20 July 2005

For the love of Jebus, please remember the lesson!

I love this quote from Mark Morford. He is SO ON!

This is a quote from one of his first post-Indian Ocean tsunami articles. This really puts it all in perspective. We really all are alone, vulnerable, small, insignificant. What does it all mean? What are we supposed to take and learn from this thing called life?

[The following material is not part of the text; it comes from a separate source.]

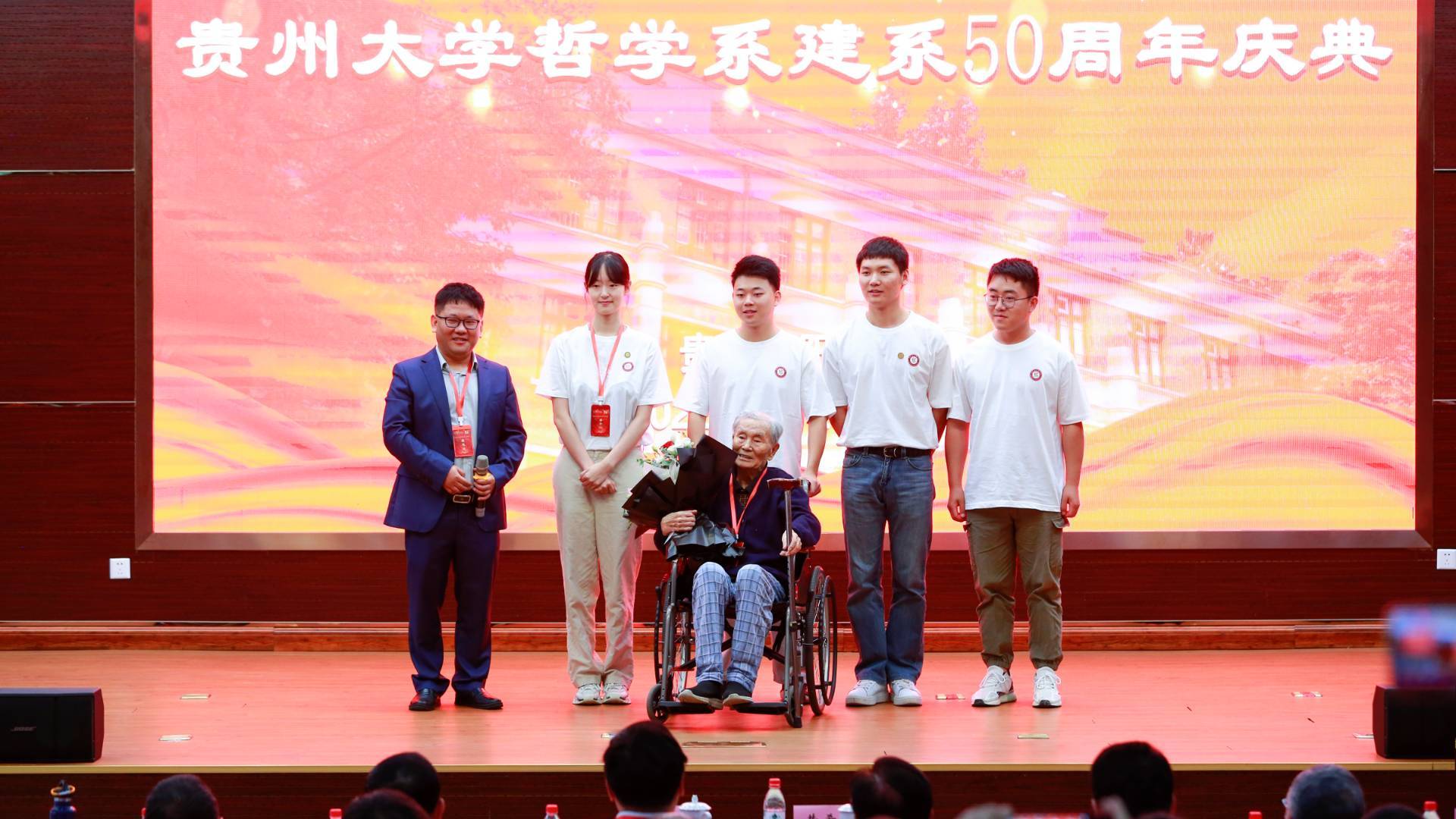 学生代表向贵州大学哲学系元老、贵州大学原副校长、哲学系原主任黄希贤教授敬献鲜花。
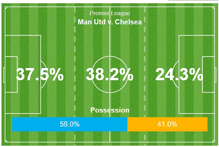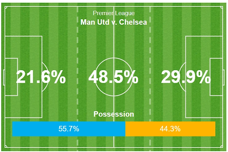 Но главное достижение ромба – контроль в центре поля по ходу всего тайма. «Юнайтед» забил быстрый гол, но даже после этого «Челси» не смог забрать себе мяч – 56% владения у «МЮ» по итогам тайма. Уникальная ситуация: обычно, даже играя ужасно, «Челси» Сарри владеет мячом. Чаще всего оказывавшийся свободным игроком Матич сделал больше всего точных передач.

"Maybe you see such horrors, as I tend to do, as a call to carpe diem, to cherish the day and enjoy the moment like never before and maybe make a change in your life and your perspective before it's too late and because you have nothing, really, to lose, and because life is frighteningly fleeting and it can all be literally washed away in the time it takes to walk your dog to the park and back.
Primordial. Primeval. Prelapsarian. Many other polysyllabic words come to mind to describe the tragedy that only seems to point up the fact that we know far less than we think we know about How It All Works and even less about Why the Hell We Have to Be Here to Witness It.
And what's worse, there's not a damn thing we can really do about it all, except get slapped, again, with the fact that life can be unspeakably violent and brutish right alongside stunning and beautiful, and there is not a single place on the planet that is absolutely free of potential catastrophe or epic disaster or slow and painful rebirth. Nowhere.
And therefore, no matter how many luxury resorts and how much money and how many McMansions and how many manly SUVs we gather desperately to ourselves like hollow and ultimately useless security blankets, this very fact, this slippery transitory insanity, is in our blood, our cells, our genetic code.
And in the end, we realize terror has nothing to do with angry Islamic fundamentalists or right-wing Christian warmongers, and everything to do with surviving this mad shocking circus so as to milk this experience for all it's worth and haul its cartload of shimmering and bloody and fragile lessons to the next level, the next life, the next Mystery.
Could the lesson -- if there is one -- be that simple? And that incredibly difficult?"

1 comment:

mrs the experience said...

"shimmering and bloody and fragile lessons" - nice turn of phrase.